* [What to produce]:
Write out the data again exactly, skipping every picture.

* [Dataset content]:
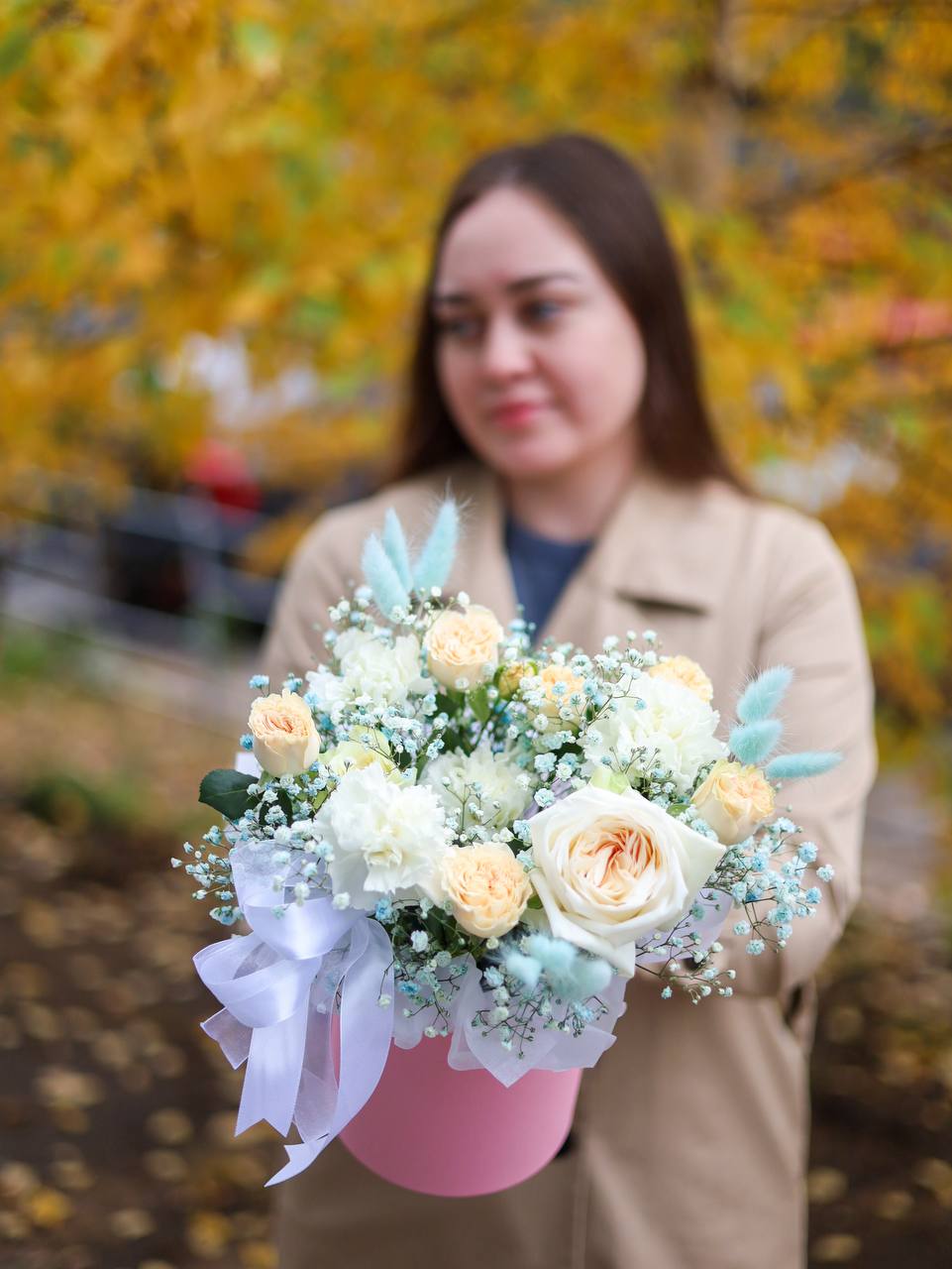 Композиция пионовидной розы, кустовых роз, стойких диантусов, лагуруса и стойкой гипсофилы в шляпной коробке.
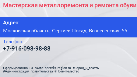 Мастерская металлоремонта и ремонта обуви по адресу Московская область, Сергиев Посад, Вознесенская, 55 в дальнейшем Организация, размещена в следующих категориях:
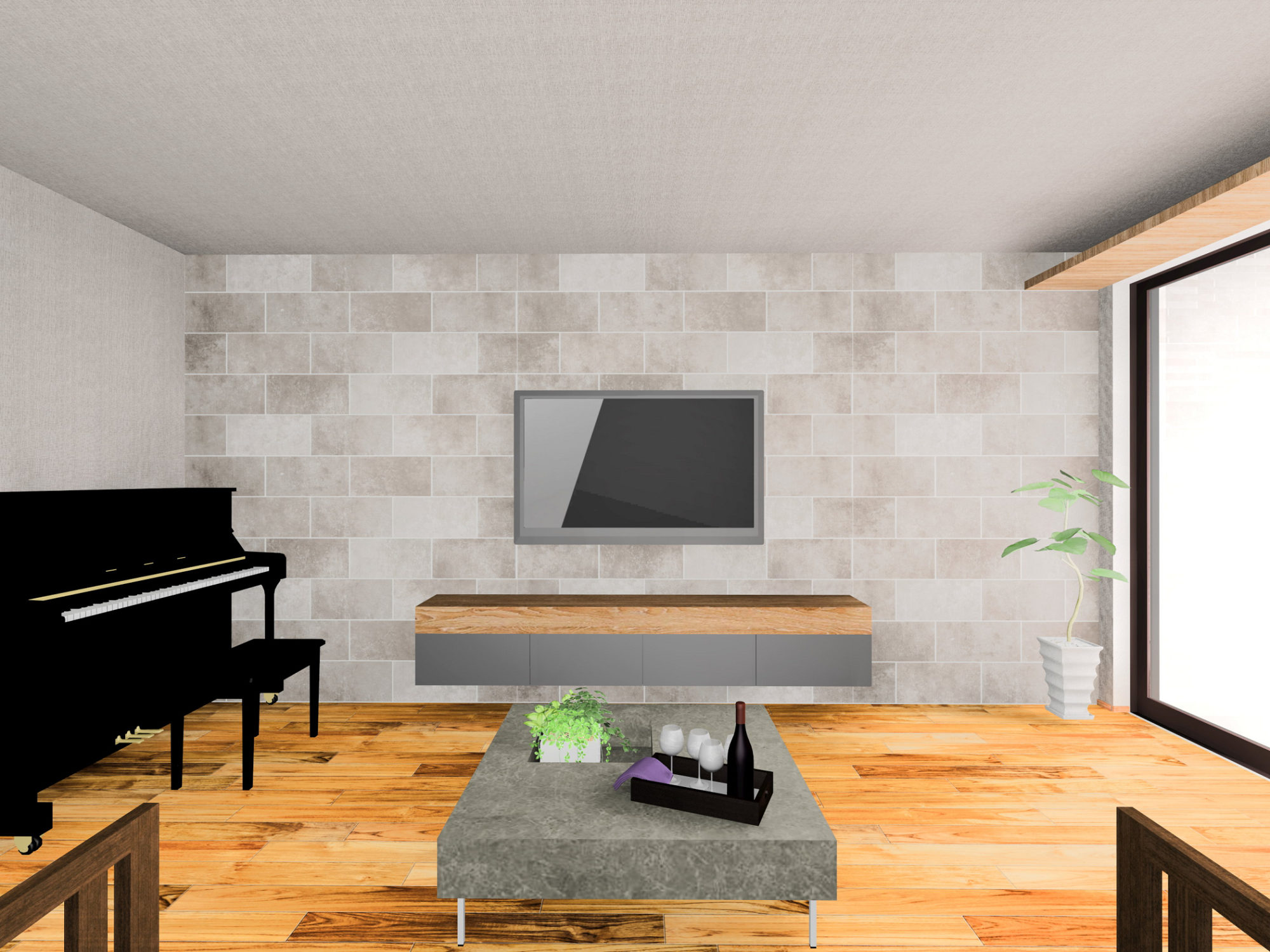 TV背面のタイルをバルコニーまでつなげることで、視線が自然と外へ抜け、より心地よい開放感を味わえる空間となりました。

* [Written answer]:
 Композиция пионовидной розы, кустовых роз, стойких диантусов, лагуруса и стойкой гипсофилы в шляпной коробке.
 Мастерская металлоремонта и ремонта обуви по адресу Московская область, Сергиев Посад, Вознесенская, 55 в дальнейшем Организация, размещена в следующих категориях:
 TV背面のタイルをバルコニーまでつなげることで、視線が自然と外へ抜け、より心地よい開放感を味わえる空間となりました。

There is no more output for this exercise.